What the task requires
Transcribe nothing except the lines below that run from the one with "B 1m)、ACアダプター、クランプ(電源ケーブル抜け防止用)、取扱説明書、保証書 |" to the one with "Amen Amen |", ends included, and do not copy any picture.

Data shown
────────────────────

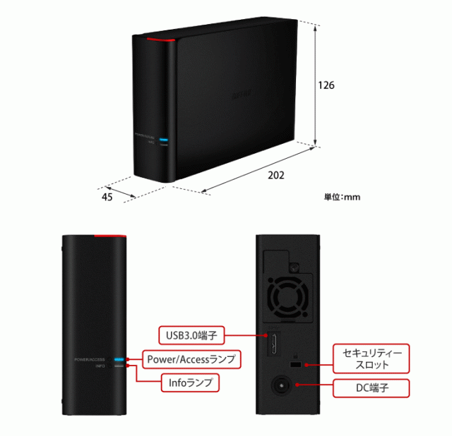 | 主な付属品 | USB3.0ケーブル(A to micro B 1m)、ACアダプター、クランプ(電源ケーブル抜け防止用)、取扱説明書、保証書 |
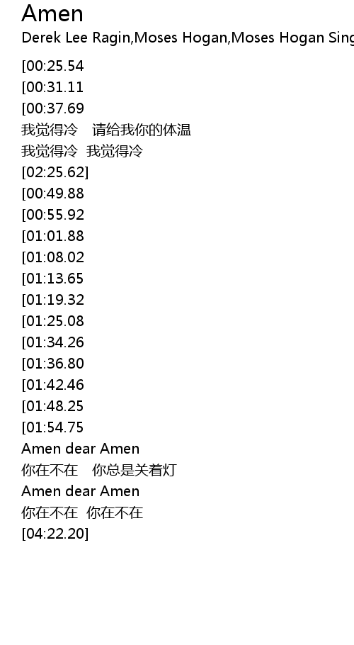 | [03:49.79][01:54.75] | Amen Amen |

────────────────────

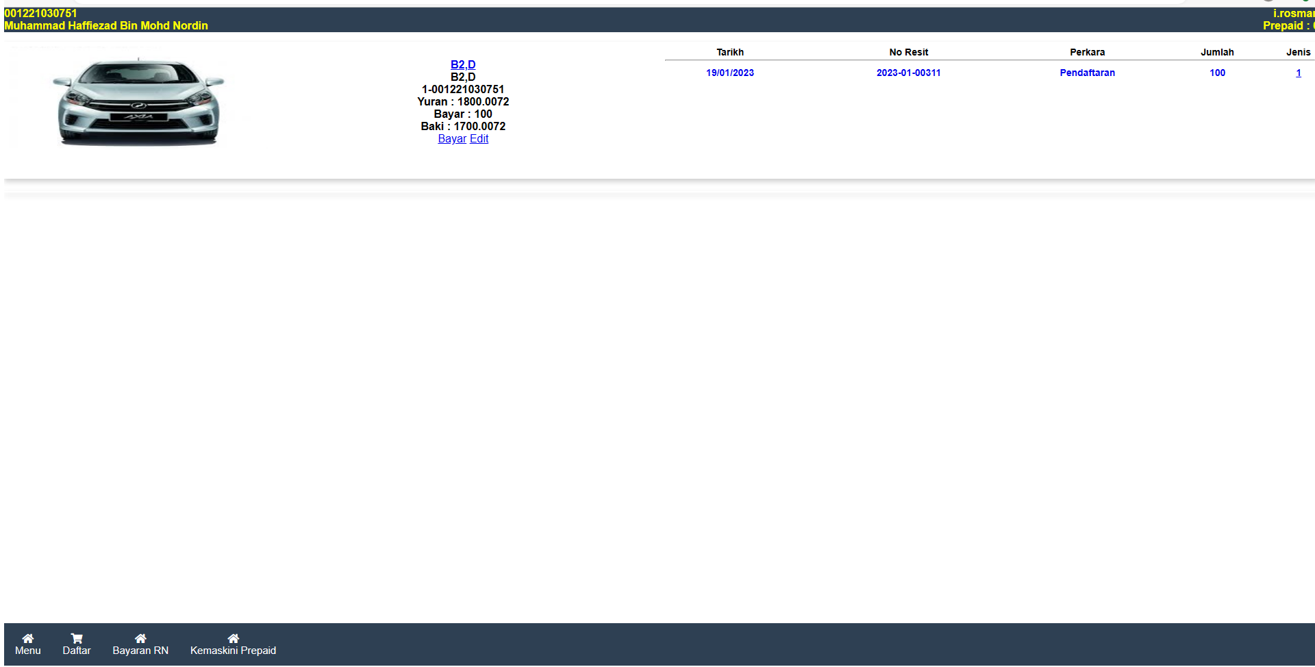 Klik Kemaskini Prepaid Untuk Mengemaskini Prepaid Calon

────────────────────

Answer to the problem
 | 主な付属品 | USB3.0ケーブル(A to micro B 1m)、ACアダプター、クランプ(電源ケーブル抜け防止用)、取扱説明書、保証書 |
 | [03:49.79][01:54.75] | Amen Amen |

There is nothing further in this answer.